Search

Talk

Ancestral processes in population genetics - the coalescent

  • Martin Möhle (Eberhard Karls Universität Tübingen)
G3 10 (Lecture hall)

Abstract

Over the last 25 years, coalescent theory became more and more important for ancestral population genetics. The coalescent is a stochastic process, which approximates the ancestral tree of a sample of n individuals, provided the total population size is sufficiently large. Corresponding first convergence theorems go back to Kingman (1982). The Kingman coalescent has the particular property that only binary mergers of ancestral lineages appear with positive probability. For a huge class of population models, the Kingman coalescent arises in the limit for large total population size, similar to the normal distribution in the central limit theorem. This robustness justifies the relevance of the coalescent for the applied sciences.
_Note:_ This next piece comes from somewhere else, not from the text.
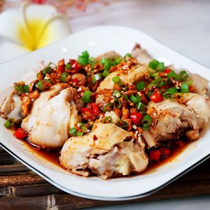 食材备好了,鸡腿装盘再淋入调味汁即可。
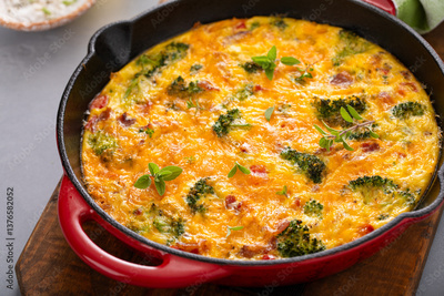 Broccoli, bacon and cheese frittata in a cast iron pan, healthy breakfast idea

This talk gives an introduction to coalescent theory and characterizes the class of population models in the domain of attraction of the Kingman coalescent. At the same time, the approaches used in the proofs yield a classification of all coalescent processes which appear in the weak limit when the population size tends to infinity. In general, these coalescent processes allow for simultaneous multiple collisions of ancestral lines. The talk closes with a summary on ongoing research in this field and emphasizes the interdisciplinary importance of the coalescent for biology, computer science, mathematics and medicine.